#### [TASK TO CARRY OUT]
With images removed, return the whole listing exactly as written.

#### [ENTRIES SHOWN]
----------
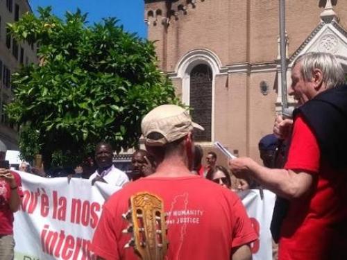 Uno striscione campeggia ben evidente nella piccola piazza davanti la chiesa intitolata a Maria Immacolata e a San Giovanni Berchmans: “Dov’è la nostra protezione internazionale?”. E’ accanto al famoso sacerdote, è lo striscione che un gruppo di immigrati stringe forte fra le mani. Lo stringe forte, come la stessa speranza di vedere riconosciuti i “naturali” diritti di dignità. “In nome di tanti italiani onesti io vi chiedo perdono”, accorato, Don Luigi Ciotti si rivolge a loro. “Loro”, sono i centoventi rifugiati in Via Scorticabove, nel popoloso e popolare quartiere Don Basilio di Roma. I rifugiati sono stati cacciati da una cooperativa a Roma, senza preavviso. Ora dormono in strada e non è mancata da parte di molti cittadini la solidarietà.
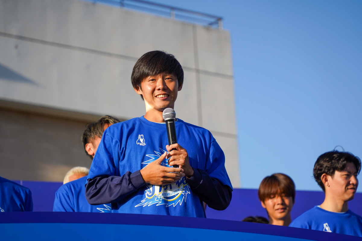 サッカーJ2水戸ホーリーホックが11月30日、水戸市立第二中学校グラウンド(水戸市三の丸)で「2025明治安田J2リーグ優勝報告会」を開いた。
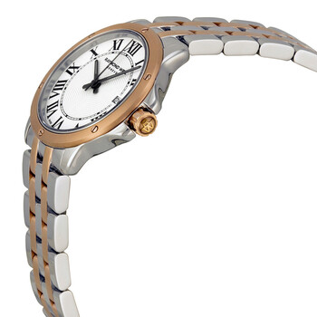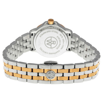 Stainless steel case with a two-tone (silver and rose gold PVD) stainless steel bracelet. Fixed rose gold PVD bezel. White dial with luminous hands and Roman numeral hour markers. Minute markers around an inner ring. Dial Type: Analog. Date display at the 3 o'clock position. Quartz movement. Scratch resistant sapphire crystal. Solid case back. Case diameter: 28 mm. Case thickness: 6.6 mm. Round case shape. Band width: 17 mm. Band length: 8 inches. Deployment clasp. Water resistant at 100 meters / 330 feet. Functions: date, hour, minute, second. Dress watch style. Watch label: Swiss Made. Raymond Weil Tango White Dial Steel and Rose Gold PVD Ladies Watch 5391-SP5-00300.
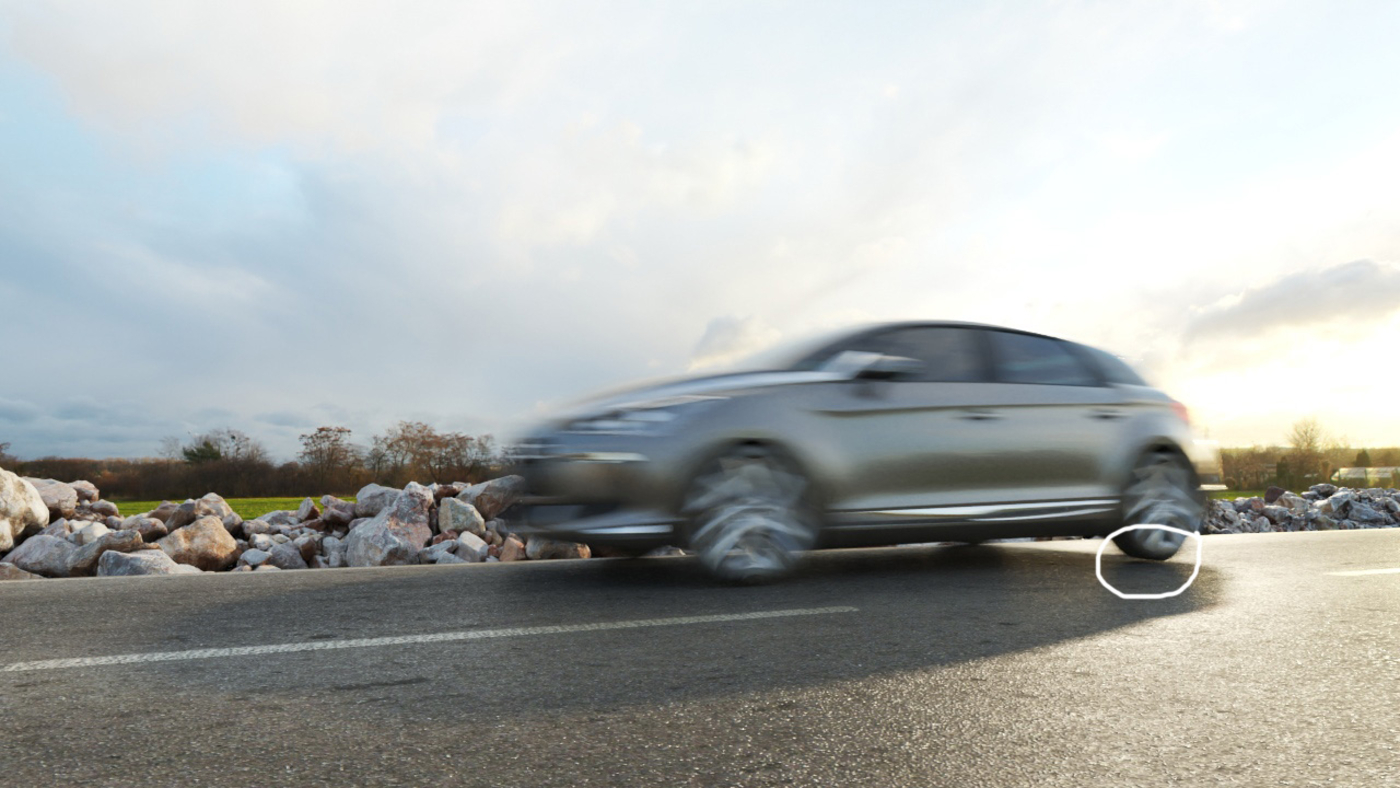 Получаем старые проблемы в виде статичной тени, размытого контура с фоном. Плюс появляется новая, т.к. вектор скорости содержит только мгновенную информацию о скорости пикселя в конкретном кадре и не более того, то и фильтр размытия сделает только линейное движение, это хорошо сработает на кузове, но не на колесах и не на объектах со сложной траекторией движения. Для удобства я заменю колеса на болванки с чекером.
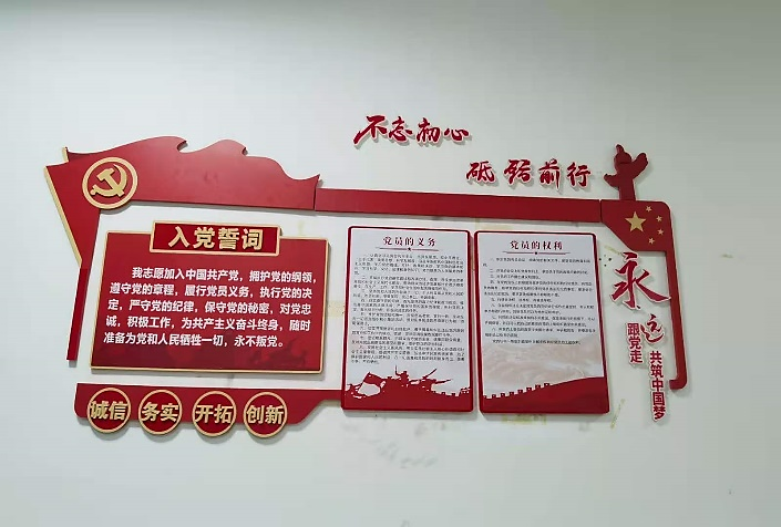 “党员学习园地”主要包括展示墙和学习角两个部分,展示墙部分主要呈现了入党誓词、党员义务和权利内容,学习角部分有《习近平谈治国理政》第一二、三卷、《新时代、新思想、新征程》、《习近平新时代中国特色社会主义思想学习纲要》、《爱之深 爱之切》、《中国共产党九十》、《习近平总书记系列重要讲话读本》等学习书籍和资料,供大家借阅和交流。
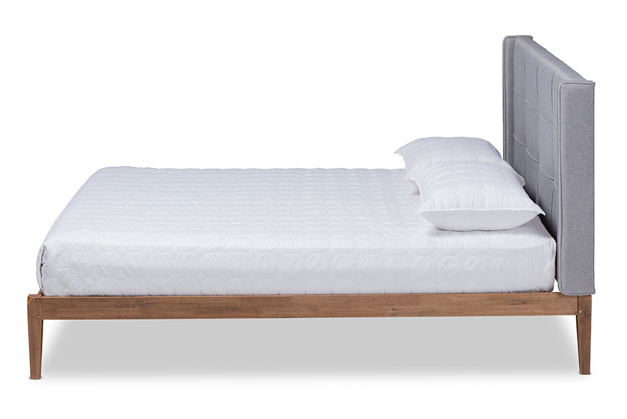 Enjoy relaxed mornings and nights in the modern Nura bed. Its large, foam padded headboard is upholstered in Grayfabric and enhanced with elegant button tufting. Made in Malaysia, the bed is supported by sturdy wood legs, allowing for ample storage space underneath the platform. Assembly is required and a box spring isnt necessary, as the Nura comes with internal slats for mattress support. Ash walnut finished wood complements the clean, streamlined design of the frame, giving the whole bedroom a pleasant and contemporary feel.
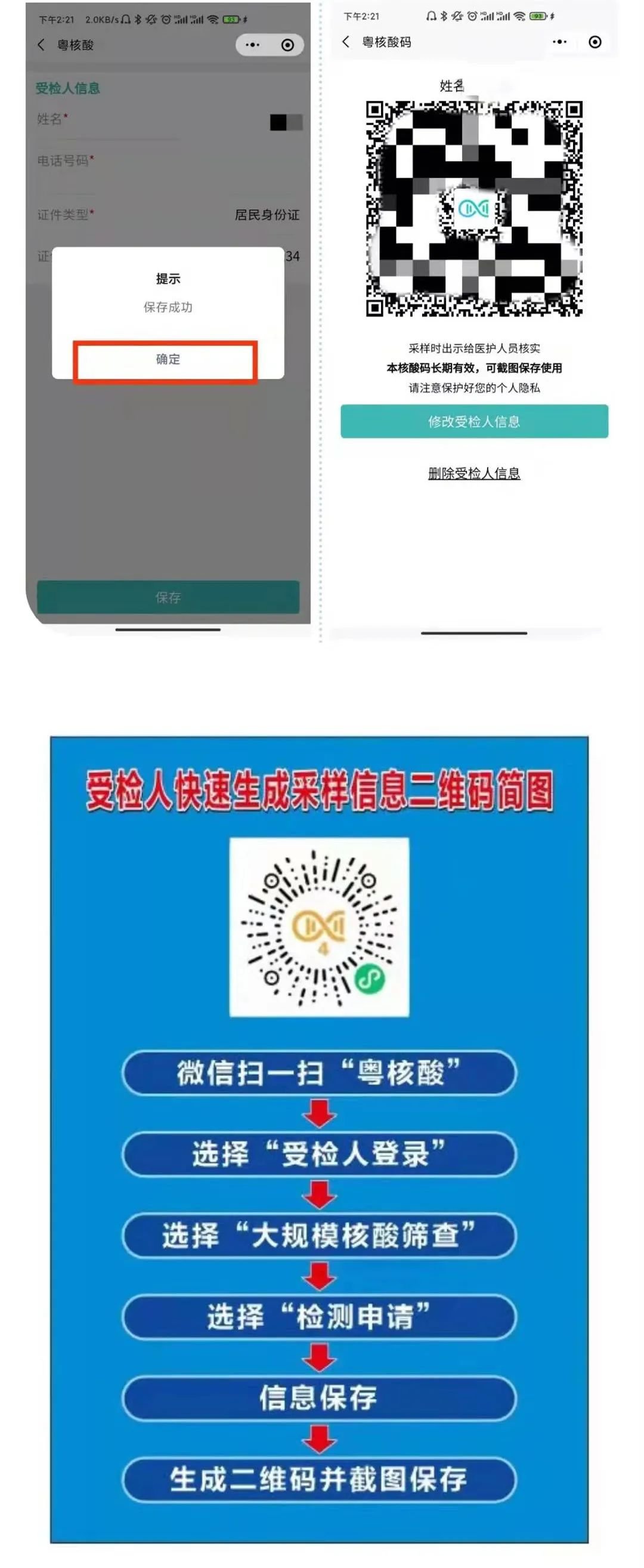 (四)请提前扫下方“粤核酸4葵花码”逐个登记家庭成员信息,并保存好登记成功的二维码截图。检测前,凭“葵花码+粤康码+行程卡”(可截图)进入检测点。粤康码显示黄码的群众,请移步至健身广场/金晖苑/海湾社区的黄码专区进行检测。接种新冠疫苗48小时内不能参与核酸检测。
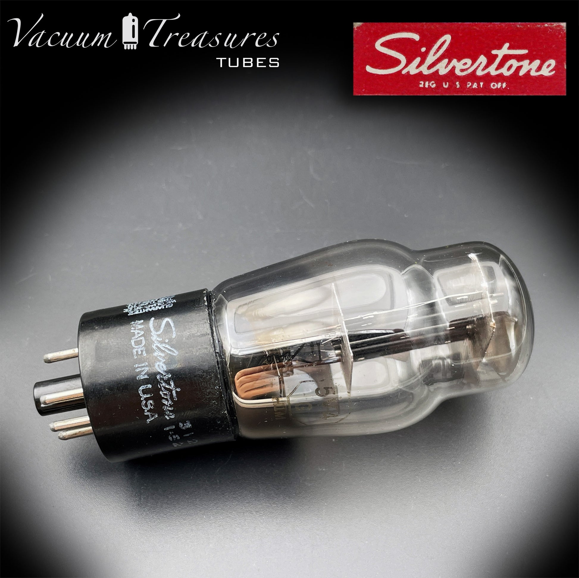 The Silvertone-branded 5V4G/GZ32 , produced in 1951 by Sylvania for the audio line of Sears, Roebuck & Co. , features the classic ST bottle structure, well-machined vertical black plates and square getter at the bottom . It is one of the most musical and transparent versions of the first post-war generation American rectifiers.
----------
#### [RESULT OF THIS TASK]
 Uno striscione campeggia ben evidente nella piccola piazza davanti la chiesa intitolata a Maria Immacolata e a San Giovanni Berchmans: “Dov’è la nostra protezione internazionale?”. E’ accanto al famoso sacerdote, è lo striscione che un gruppo di immigrati stringe forte fra le mani. Lo stringe forte, come la stessa speranza di vedere riconosciuti i “naturali” diritti di dignità. “In nome di tanti italiani onesti io vi chiedo perdono”, accorato, Don Luigi Ciotti si rivolge a loro. “Loro”, sono i centoventi rifugiati in Via Scorticabove, nel popoloso e popolare quartiere Don Basilio di Roma. I rifugiati sono stati cacciati da una cooperativa a Roma, senza preavviso. Ora dormono in strada e non è mancata da parte di molti cittadini la solidarietà.
 サッカーJ2水戸ホーリーホックが11月30日、水戸市立第二中学校グラウンド(水戸市三の丸)で「2025明治安田J2リーグ優勝報告会」を開いた。
 Stainless steel case with a two-tone (silver and rose gold PVD) stainless steel bracelet. Fixed rose gold PVD bezel. White dial with luminous hands and Roman numeral hour markers. Minute markers around an inner ring. Dial Type: Analog. Date display at the 3 o'clock position. Quartz movement. Scratch resistant sapphire crystal. Solid case back. Case diameter: 28 mm. Case thickness: 6.6 mm. Round case shape. Band width: 17 mm. Band length: 8 inches. Deployment clasp. Water resistant at 100 meters / 330 feet. Functions: date, hour, minute, second. Dress watch style. Watch label: Swiss Made. Raymond Weil Tango White Dial Steel and Rose Gold PVD Ladies Watch 5391-SP5-00300.
 Получаем старые проблемы в виде статичной тени, размытого контура с фоном. Плюс появляется новая, т.к. вектор скорости содержит только мгновенную информацию о скорости пикселя в конкретном кадре и не более того, то и фильтр размытия сделает только линейное движение, это хорошо сработает на кузове, но не на колесах и не на объектах со сложной траекторией движения. Для удобства я заменю колеса на болванки с чекером.
 “党员学习园地”主要包括展示墙和学习角两个部分,展示墙部分主要呈现了入党誓词、党员义务和权利内容,学习角部分有《习近平谈治国理政》第一二、三卷、《新时代、新思想、新征程》、《习近平新时代中国特色社会主义思想学习纲要》、《爱之深 爱之切》、《中国共产党九十》、《习近平总书记系列重要讲话读本》等学习书籍和资料,供大家借阅和交流。
 Enjoy relaxed mornings and nights in the modern Nura bed. Its large, foam padded headboard is upholstered in Grayfabric and enhanced with elegant button tufting. Made in Malaysia, the bed is supported by sturdy wood legs, allowing for ample storage space underneath the platform. Assembly is required and a box spring isnt necessary, as the Nura comes with internal slats for mattress support. Ash walnut finished wood complements the clean, streamlined design of the frame, giving the whole bedroom a pleasant and contemporary feel.
 (四)请提前扫下方“粤核酸4葵花码”逐个登记家庭成员信息,并保存好登记成功的二维码截图。检测前,凭“葵花码+粤康码+行程卡”(可截图)进入检测点。粤康码显示黄码的群众,请移步至健身广场/金晖苑/海湾社区的黄码专区进行检测。接种新冠疫苗48小时内不能参与核酸检测。
 The Silvertone-branded 5V4G/GZ32 , produced in 1951 by Sylvania for the audio line of Sears, Roebuck & Co. , features the classic ST bottle structure, well-machined vertical black plates and square getter at the bottom . It is one of the most musical and transparent versions of the first post-war generation American rectifiers.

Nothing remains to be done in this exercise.